Seguido da avaliação da cabeça e pescoço, sistema cardiovascular, 
sistema pulmonar, região abdominal, sistema osteoarticular, sinais 
neurológicos e extremidade. Todos os registros devem ser anotados 
ao prontuário. 
 
 
 
Avaliação do Estado geral 
Dados vitais 
Avaliação do estado geral 
Avaliação do grau de palidez 
Avaliação do grau de hidratação 
Avaliação da presença de icterícia 
Avaliação da presença de cianose 
Avaliação do padrão respiratório 
Não esquecer: 
- Dados vitais: 
- Suporte ventilatório 
- FR 
- FC 
- Saturação de 02 
- Temperatura 
Medicações 
Durante o exame físico, pode-se verificar a dieta prescrita, quais 
os medicamentos em uso (especialmente os de uso venoso), a 
rotulagem de hidratação venosa e de medicamentos em curso. 
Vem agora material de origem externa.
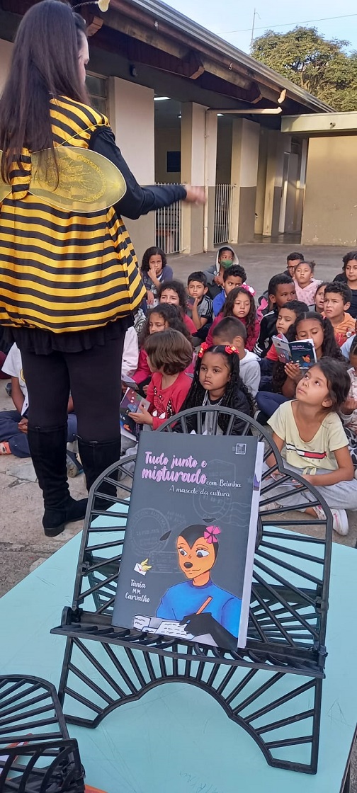 Porém foi na parte da tarde que o evento se tornou ainda mais dinâmico e envolvente. A abelha Belinha, personagem interpretado por Tânia, “pousou” no pátio central da escola. Arrancando elogios e trocando experiências com os pequenos.

Trata-se de importante ferramenta de conferência para a 
segurança ao paciente. Como deve-se conter o registro de todas 
as medidas necessárias ao tratamento do paciente, as medidas de 
reabilitação e interação com as equipes multidisciplinares e sua 
adesão devem ser anotadas ao prontuário. 
Condutas 
São feitas de acordo com os problemas identificados, explicações e 
planejamento após a análise do caso pelo médico especialista. Todos 
os manejos, como plano diagnóstico e plano terapêutico devem ser 
descritos de forma clara e objetiva. 
 
 
 
 
 
@medcomath 
EXEMPLO: 
Paciente evolui na enfermaria clínica e hemodinamicamente estável, 
respirando bem em ar ambiente, com saturação de 97%, sem 
desconforto respiratório. Sem episódios de febre nas últimas 24 
horas, em uso de antibioticoterapia. Apresenta melhora do quadro 
da tosse e redução da secreção amarelada. Refere episódio de 
cefaleia frontal, de intensidade 7/10, sem irradiação, na última 
noite, fazendo uso de analgésico. Relata apetite preservado com 
boa aceitação da dieta por via oral. Diurese e dejeções presentes, 
nega alterações. Ciclo sono-vigília preservado. Controle (últimas 24 
horas): 
Exame físico: 
Temperatura axilar: 36,2ºC – 37ºC 
Frequência cardíaca: 88-102 bpm 
Frequência respiratória: 16-24 irpm 
Saturação: 95-98% (em ar ambiente) 
Exames complementares: 
Pode conter exames laboratoriais, anatomopatológicos, radiológicos 
e ultrassonográficos 
Nome do exame (data da realização do exame): resultado do exame 
Conduta do caso: Pode conter solicitação de inter-consulta com 
outras especialidades, pedido de exames, alteração na medicação, 
novas propostas de propedêutica e terapêuticas ou pendências.